# EXERCISE INSTRUCTIONS
Wherever pictures appear in the listing below, leave them out, and copy exactly, and only, everything from the line with "岳飞庙里的秦桧和张俊,姿势和" down to the line with "Ngày 28/7, trên".

# MATERIALS PROVIDED
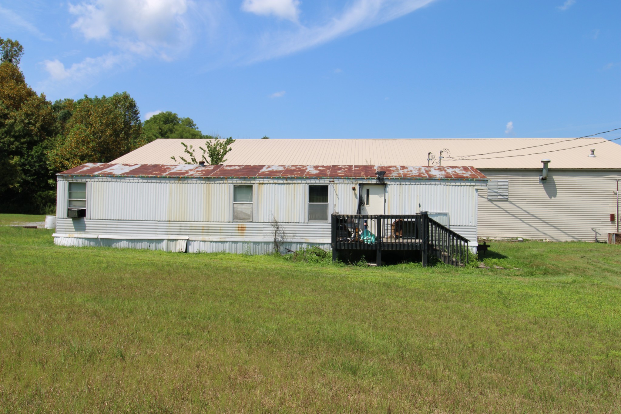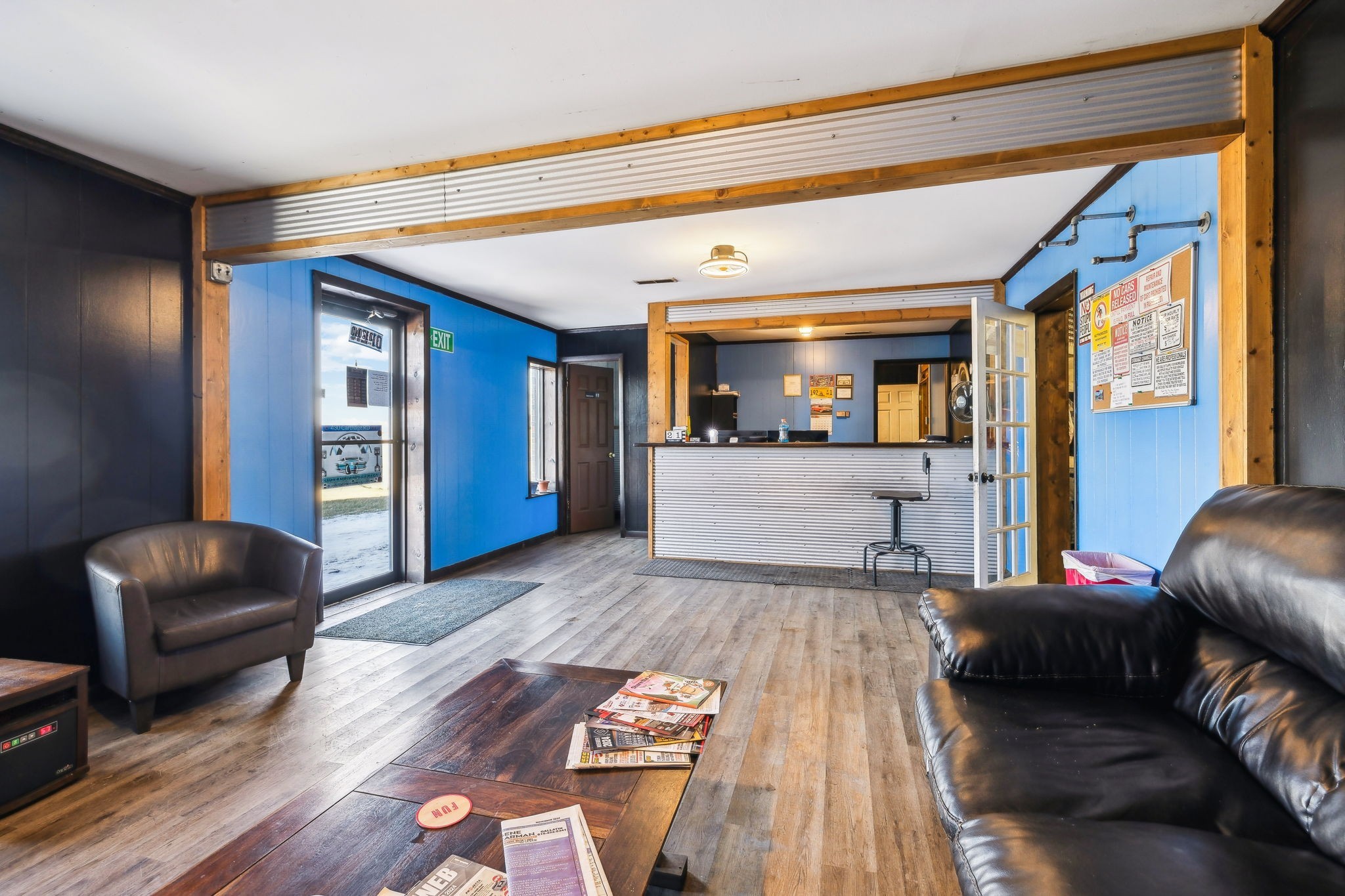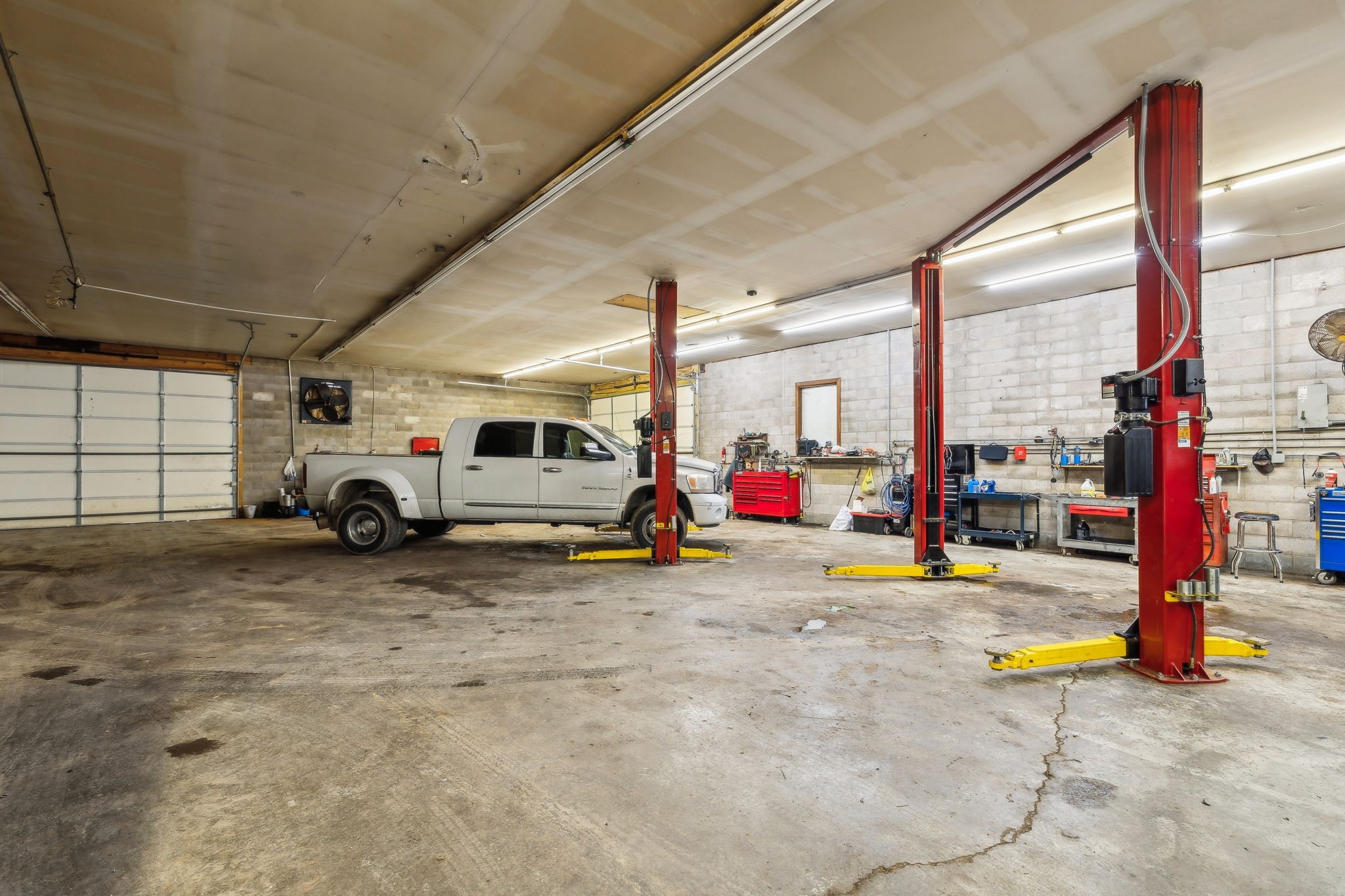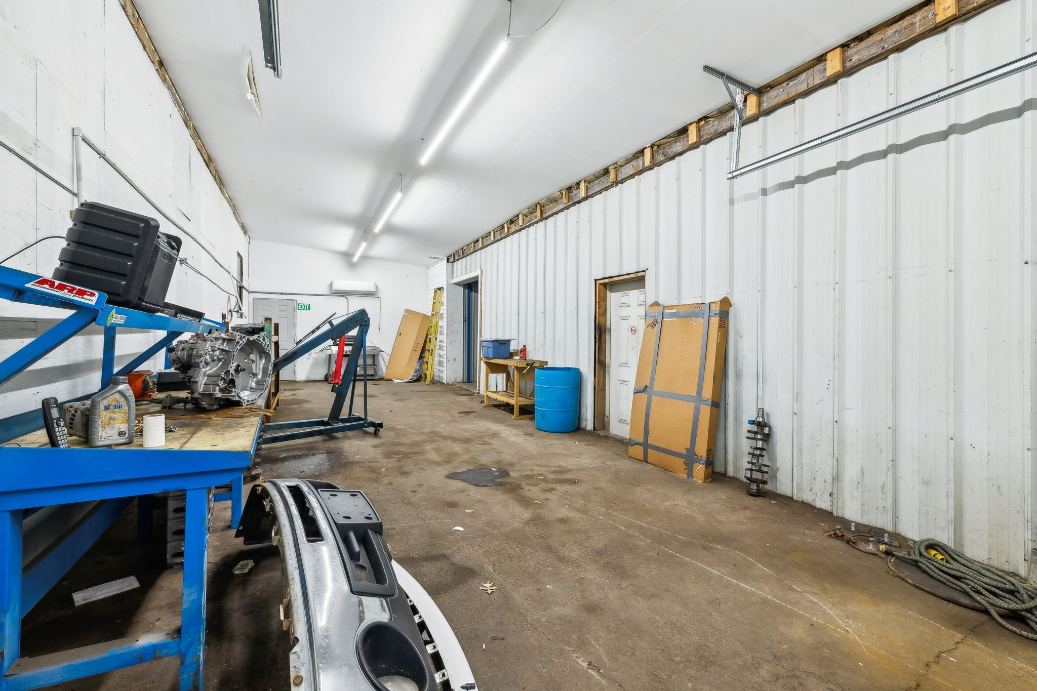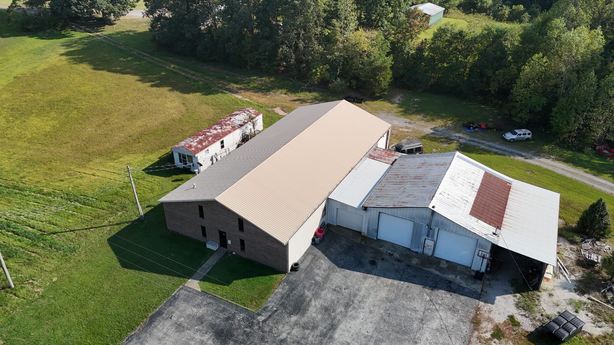 Amazing commercial building with 7,800 SF on a spacious 11 acres, offering incredible potential for a variety of uses. Currently operating as an auto mechanic/body shop, this insulated block building measures 110’ x 42’ with an additional 45’ x 72’ usable space. Two large 14-ft shop doors, one equipped with an exhaust fan, are perfect for semi-trucks and other large vehicles. Three-phase power provides strong electrical capacity for high-powered equipment, manufacturing, or extensive lighting and sound systems. Inside, you’ll find a private conference room, designated office spaces, three bathrooms (1 private, 2 public), and a tool room for organized storage and workspace. The office has a great HVAC unit, and the building is insulated with natural gas heat. The expansive open floor plan and high ceilings offer flexibility for numerous layouts—whether continuing as a body shop, transitioning to a workshop, warehouse, manufacturing facility, event space, or even splitting into two rental units. Also included is a 2-bedroom, 1-bath mobile home with a solid roof and wall A/C unit. This property is a rare opportunity with ample room for large-scale operations, outdoor storage, or expansion.
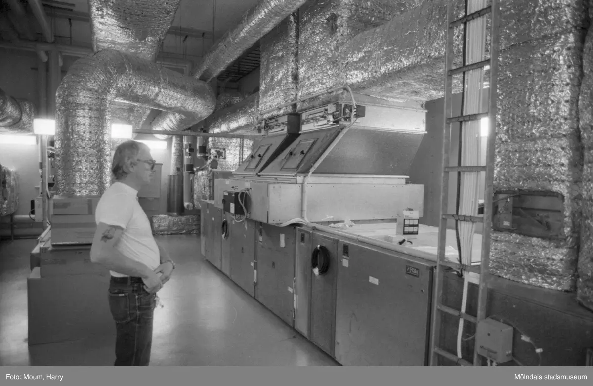 Fläktsystemet på Ekenskolan i Kållered, år 1984. "Det är inga dåliga dimensioner på fläktsystemet i Ekenskolan. Kent Sjöholm kollar upp att allt löper normalt."
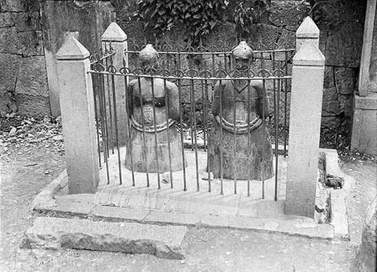 岳飞庙里的秦桧和张俊,姿势和今天的不同。西德尼·甘博摄于1917-1919年间。
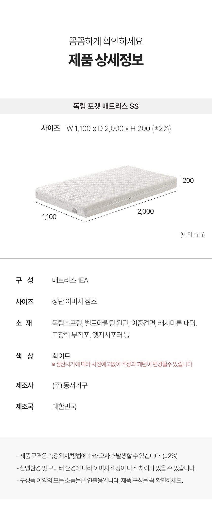 | 주요 소재 | 컨텐츠 참조 | 제조자(수입자) | 본품 : (주)동서가구ㅣ매트리스 : (주)동서가구 |
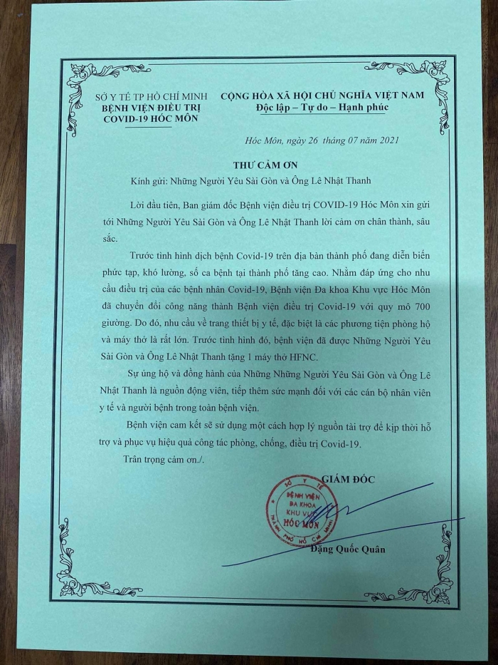 Ngày 28/7, trên trang cá nhân, Phi Nhung vừa bất ngờ đăng bài thông báo đã vận động được 4 chiếc máy thở của Mỹ để hỗ trợ bệnh nhân mắc Covid-19, kèm theo đó là lời kêu gọi khán giả cùng chung tay đóng góp để cùng các y bác sĩ và người dân nhiễm bệnh vượt qua khó khăn. Bất chấp những ồn ào về đời tư những ngày vừa qua, giọng ca "Lấy chồng xứ lạ" tuyên bố cô sẵn sàng bị chửi, bị nghĩ xấu khi đứng ra kêu gọi mua máy thở, chỉ cần bà con bị bệnh có cơ hội được sống.
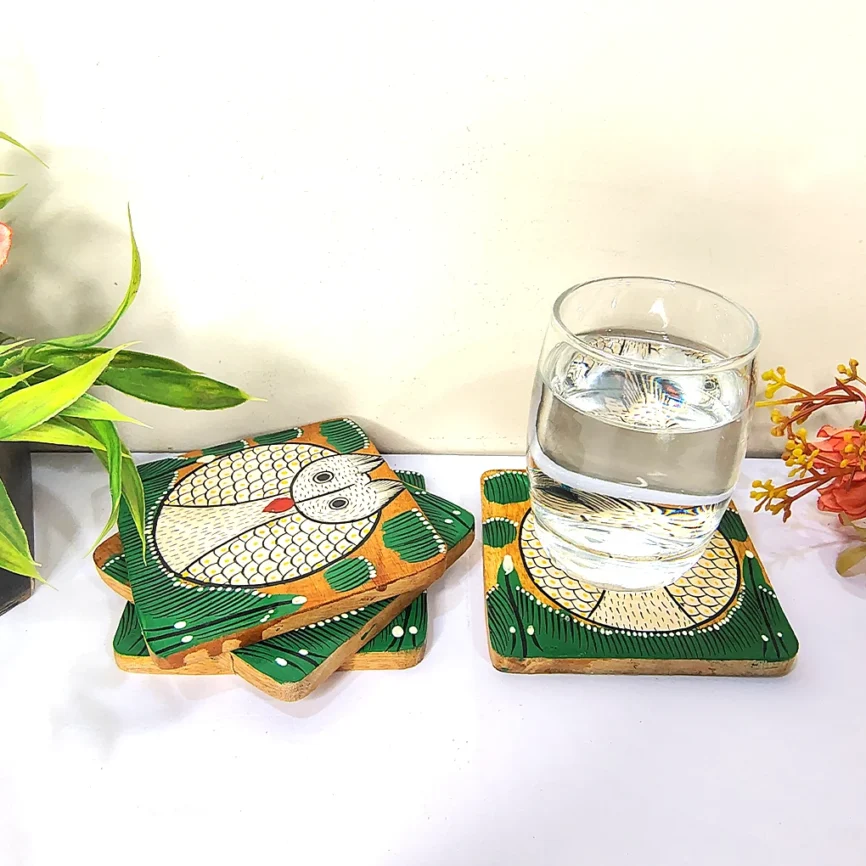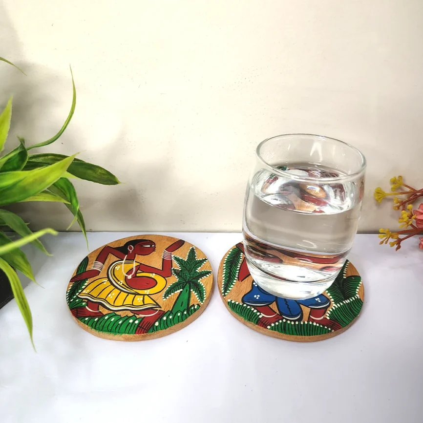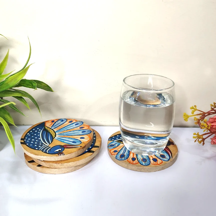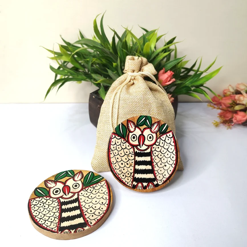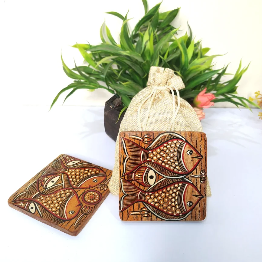 Add charm and functionality to your home with our handcrafted wooden coasters. Each wooden coaster set is beautifully designed with intricate Pattachitra artwork, blending traditional craftsmanship with modern style. Made from premium-quality wood, our round wooden coasters and wooden tea coasters protect your tables from moisture, heat, and spills while adding a refined touch to your décor. Whether you’re looking to buy wooden coasters for everyday use or as a thoughtful gift, explore our exclusive range of handcrafted wooden coaster sets that perfectly complement any table setting.

# SOLUTION TO THIS EXERCISE
 岳飞庙里的秦桧和张俊,姿势和今天的不同。西德尼·甘博摄于1917-1919年间。
 | 주요 소재 | 컨텐츠 참조 | 제조자(수입자) | 본품 : (주)동서가구ㅣ매트리스 : (주)동서가구 |
 Ngày 28/7, trên trang cá nhân, Phi Nhung vừa bất ngờ đăng bài thông báo đã vận động được 4 chiếc máy thở của Mỹ để hỗ trợ bệnh nhân mắc Covid-19, kèm theo đó là lời kêu gọi khán giả cùng chung tay đóng góp để cùng các y bác sĩ và người dân nhiễm bệnh vượt qua khó khăn. Bất chấp những ồn ào về đời tư những ngày vừa qua, giọng ca "Lấy chồng xứ lạ" tuyên bố cô sẵn sàng bị chửi, bị nghĩ xấu khi đứng ra kêu gọi mua máy thở, chỉ cần bà con bị bệnh có cơ hội được sống.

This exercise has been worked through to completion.